The letter, signed by a number of anti-war activists who camped out at Coulport and Faslane between June 9 to 18 during the peace camp's 40th anniversary, said the war in Ukraine, rather than strengthening the case for weapons of mass destruction, underlined “the urgent need to work for their worldwide abolition”.
“Real security means we’ve got to work together for climate change and biodiversity rather than fighting enemies,” Zelter added.
“We haven’t got time to be continuing with these militaristic mind games all the time.
“If we don’t actually grow up as human beings then we’re going to destroy our life, I mean the life on planet earth will probably continue, but it won’t be anything like the life that we know.”
In a blog post about the letter, activists praised the cooperation of the police in helping deliver the letter.
The letter in full:
To Commodore Bob Anstey, Commander of HM Naval Base Clyde, with overall responsibility for the naval bases of Faslane and Coulport.
16th June 2022
Regarding UK nuclear weapons policy and the TPNW states parties meeting
Dear Commodore Bob Anstey,
We are writing to you as members of the Trident Ploughshares and XR Peace campaign groups who exist to promote the cause of a nuclear-free world within a stable climate that supports a wide diversity of life.
Some members of our two organizations are camping at Peaton Wood near Coulport base and are joining forces with other campaigning groups across Europe, to urge our governments, and those of Russia and of all European countries possessing nuclear weapons or harbouring them on their territories, to renounce nuclear weapons and remove the terrifying threat which they represent, from our continent and from our planet.
Next week, from 21st to 23rd June, the first meeting of the states parties to the UN Treaty on the Prohibition of Nuclear Weapons (TPNW) will be held in Vienna. Ahead of that meeting, we are holding simultaneous protests in Paris, Berlin, London, Coulport and Faslane, in order to encourage our governments to attend the States Parties meeting as observers, to engage with the TPNW process, and ultimately to sign the TPNW.
The TPNW marks the boldest and most realistic hope for progress towards a nuclear-free world. It supplements rather than replaces the Non-Proliferation Treaty (NPT): we do not seek the abolition of the NPT, but observe that its ratification 52 years ago has not prevented an increase both in the number of nuclear-armed states and in the worldwide level of risk.
The protest we are holding today outside both the Faslane and Coulport bases, liaising with our fellow-campaigners across Europe, is about the TPNW. It also serves to denounce the many factors which make the current situation not more reassuring, but increasingly and fearsomely worrying for the ordinary citizens who we are and for whom we speak.

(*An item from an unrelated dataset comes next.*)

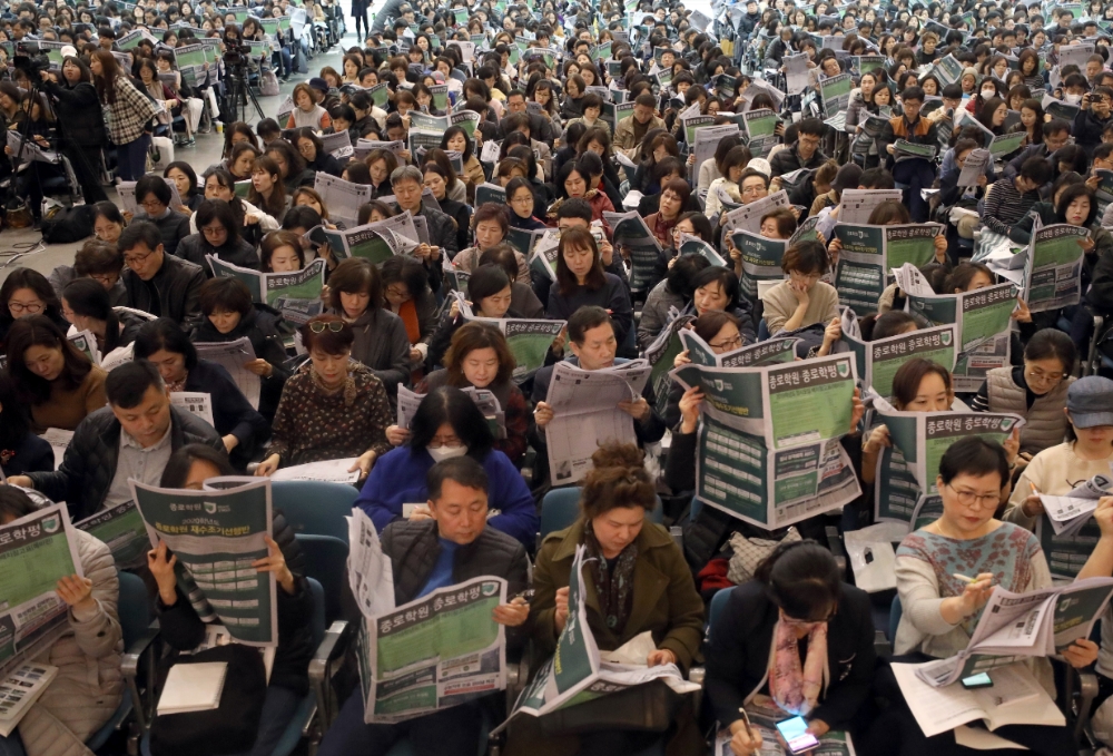 이미지 확대보기서울 서대문구 이화여자대학교 대강당에서 열린 종로학원 주최 입시설명회에서 학생, 학부모들이 정시모집 배치참고표를 보며 설명을 듣고 있다. 29일부터 대학입시 정시모집 원서접수가 시작된다. 사진=뉴시스[글로벌이코노믹 노정용 기자] 2019학년도 대입 정시모집 원서 접수가 29일부터 시작된다.

The war in Ukraine does not reinforce the need for nuclear weapons, but underlines the urgent need to work for their worldwide abolition. We are concerned that, instead, cooperation tending towards the use of nuclear weapons between NATO allies is increasing: the extension of the facilities of your bases and other military sites to US and French nuclear forces is alleged; and all nuclear-armed states including the United Kingdom are increasing operational deployment of their nuclear forces and decreasing both confidence-building measures and security triggers abating the risk of accidental or precipitate use.
We are writing to the Prime Minister, and to the ambassadors of France, Germany and Russia. By our protest outside your bases, and by this letter, we wish to represent to you that nuclear weapons are not an abstraction or a theoretical pawn in a complex strategic contest, but a terrifying, inhumane and morally and economically ruinous aberration posing an existential threat to life on our planet.
Sincerely,
Alan DAVIES, Angie ZELTER, Brian LARKIN, Brian QUAIL, Camilla CANCANTATA, Carol Archer, Carolyn GELENTER, David PEUTHERER, Denise BAKER, Gillean LAWRENCE, Gillian SIDDONS, Ginnie HERBERT, Jane PICKSLEY, Jane TALLENTS, Jonathan RUSSELL, David KELLY, Glasgow Catholic Worker, Kimberly HOLROYD, Margaret Ferguson BURNS, Margery TOLLER, Martin PRADY, Mary-Alice MANSELL, Mena REMEDIOS, Nigel FONSECA, Ros MCEWAN, Roz BULLEN, Sal BENNETT, Zsuzsanna IHAR, Zelda JEFFERS.